What the actors themselves are up to may also be less easy to interpret: yes, there is cross-dressing and hiding and general silliness which one can usually understand, and there’s certainly lots of this in Twelfth Night, but one also needs to be clear about the very diferent attitudes to courtship and marriage, which are woven into the complexities of the plot.

 

With this re-reading, I was struck quite forcefully by the perfection of the plot of the play, the wonderful symmetry of the story of brother and sister lost in shipwrecks and ending up with weddings at the end, as well as the chaos of the many subplots and distractions so artfully woven together, the Malvolio story and the antics of the two drunken knights, and the Duke and Olivia story that is not to be, with the added complexity in the role of Cesario as the go-between…

Ionesco: Le Roi Se Meurt

November 24, 2014

A review in the paper at the weekend of a revival of this play in English sent me back to it; the book I have I ‘forgot’ to return to school after I’d studied the play for French A level in 1972! It was my first introduction to the theatre of the absurd, and I suppose was one of the texts from which I began to learn and develop the skills of literary analysis and criticism which have played a major role in my life and work…

Coming back to this story of the reluctant death of a king who has always refused to come to terms with its inevitability is obviously very different, given that I’m rather closer to that possibility myself than I was way back in 1972. The metaphorical meanings were clearer, for a start: it’s the death of a king because everyone (Everyman?) is at the centre of his/her own universe, solipsistically: everything revolves around us, from our perspective, and no matter how significant we imagine we are, we must eventually let go of that importance, that permanence, and fade into insignificance. The king is aided and tormented by his two queens, one rather matter-of-fact, insistent on the necessity of what must happen, in a no-nonsense way, and the other representing attachment, to people and objects, all of which must be let go of… The interplay between acceptance and resistance is at the heart of the drama, as it surely is at the heart of the human condition, cruelly inevitable.

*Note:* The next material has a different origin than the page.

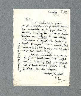 Met gelijke post gaan eenige drukwerken: de gevraagde kranten en een boekske van Huizinga, dat ik toevallig vandaag las - met duidelijke teekenen van walging. En met dezen volmaakten centenbezitter zouden wij moeten samengaan? Het is immers glad onmogelijk! (Na lezing graag bij gelegenheid met Gorter terug).
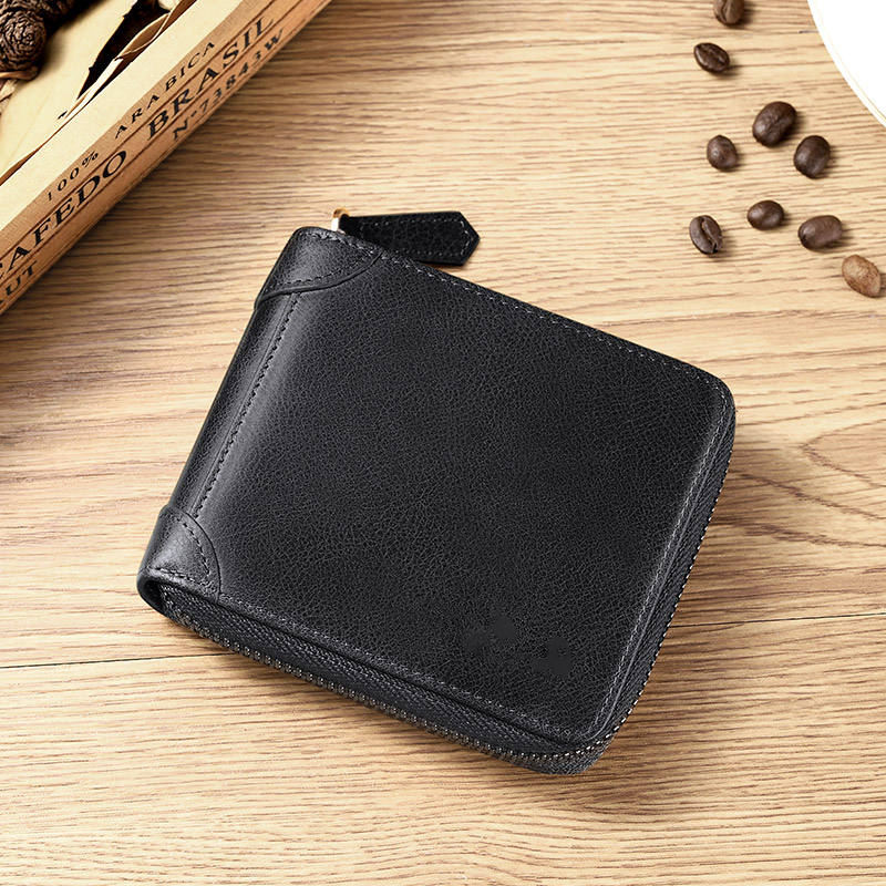 Product name:Men's Genuine Leather Zipper Bi-Fold Wallet

What attracted me to the play way back then – the absurdity which breaks through, which jars, which shocks us into new ways of seeing and responding – is just as powerful to me now. We create the meaning to our life if there is one, and there is another perspective from which it is absurd, a tale told by an idiot, signifying nothing. ( Ionesco later wrote a version of the Scottish play, too). I wondered then, and felt that the play was a tragedy, no easy thing to write in the godless twentieth century, and I still think so. Perhaps there isn’t a so much of a sense of tragic waste, but there is a sense of loss at the end as everything gradually vanishes and collapses around the dying king.

I spent quite a bit of time thinking about the title, which is a sort of play on words which cannot really be translated into English – the rather banal ‘Exit The King‘ doesn’t do it justice. The point is that the verb ‘mourir’ – to die – in French is a normal verb, whereas Ionesco makes it a reflexive verb, one of those curiosities which drive English learners of foreign languages to distraction; it’s on the same level as other things that one does for oneself, like getting dressed, sitting down, cleaning one’s teeth, so to make the verb ‘to die’ a verb like those others, gives it an extra edge: to die in himself? for himself? to himself?

And, I have always found a great profundity in the line from the play (translated here) “Everyone is the first person to die.” Think about it.